Q4: Other issues of R1. (1) “-“ and “+” in Table 1: There is only “+” in Table 1, which represents the improvement of our method compared to the 2nd-best performing one. (2) 1st-row in Table 2: We use the global input (preserve LN size) as default single stream comparison. (3) Data augmentation: We use extensive data augmentation similar to nnUNet for both streams (considering its high performance in medical imaging). Pure data augmentation cannot fully compensate the two-streams because of the large LN scale difference (LN size can differ by 10 times ranging from 2-3mm to 20-30mm).

Q5: Other issues of R3, R5. (1) Name of label “sharpening”: Yes, your understand is correct. (2) Two suggested refs: We will include these refs in final version. (3) Evaluation metrics: We agree and will omit accuracy in final version. (4) Unit of evaluation: Metrics are computed on a LN level.

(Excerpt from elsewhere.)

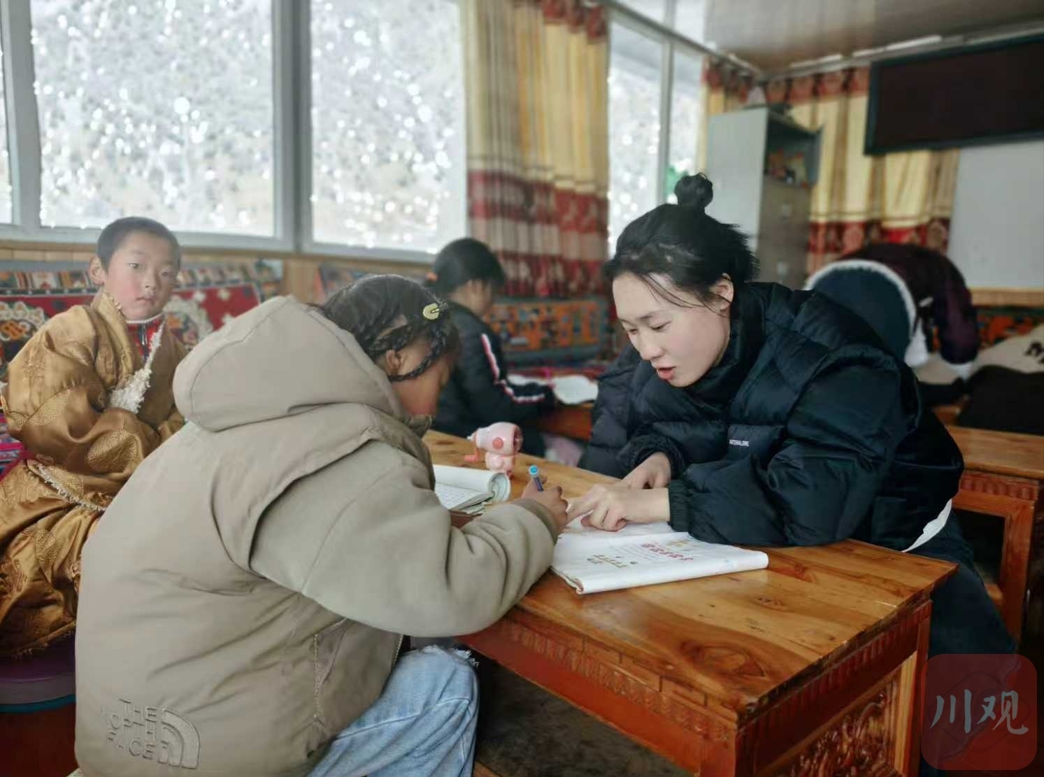 辅导孩子作业。 壤塘县委宣传部供图

For each LN instance, we crop an ROI centered on this LN in CT.




Meta-Review

Meta-review #1

  • After you have reviewed the rebuttal and updated reviews, please provide your recommendation based on all reviews and the authors’ rebuttal.

    Accept

  • Please justify your recommendation. You may optionally write justifications for ‘accepts’, but are expected to write a justification for ‘rejects’

    N/A

  • What is the rank of this paper among all your rebuttal papers? Use a number between 1/n (best paper in your stack) and n/n (worst paper in your stack of n papers). If this paper is among the bottom 30% of your stack, feel free to use NR (not ranked).

    N/A



Meta-review #2

  • After you have reviewed the rebuttal and updated reviews, please provide your recommendation based on all reviews and the authors’ rebuttal.

    Accept

  • Please justify your recommendation. You may optionally write justifications for ‘accepts’, but are expected to write a justification for ‘rejects’

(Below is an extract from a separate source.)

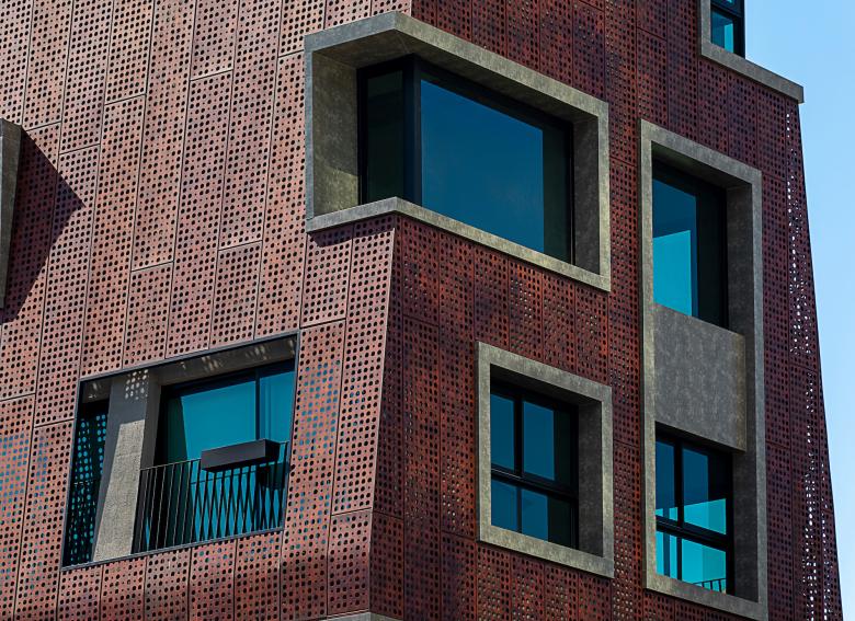 Finally, to ensure flatness on the facades, the sheets were bent on all four sides, thus increasing their rigidity. Although the sheets were randomly perforated, the joints were aligned and the volume was harmonious, several studies were carried out until the final fixing model produced an alignment of the slabs and the midpoint of each floor. The study ensured optimization in the secondary structure for fixing the plates: there are only three horizontal profiles per floor, and the upper and lower profiles were also combined to fix the plates of the adjacent floors.

    One reviewer has issues with the novelty of the method. But overall reviewers think this work addresses an important question with promising results.

  • What is the rank of this paper among all your rebuttal papers? Use a number between 1/n (best paper in your stack) and n/n (worst paper in your stack of n papers). If this paper is among the bottom 30% of your stack, feel free to use NR (not ranked).

    One reviewer has issues with the novelty of the method. But overall reviewers think this work addresses an important question with promising results.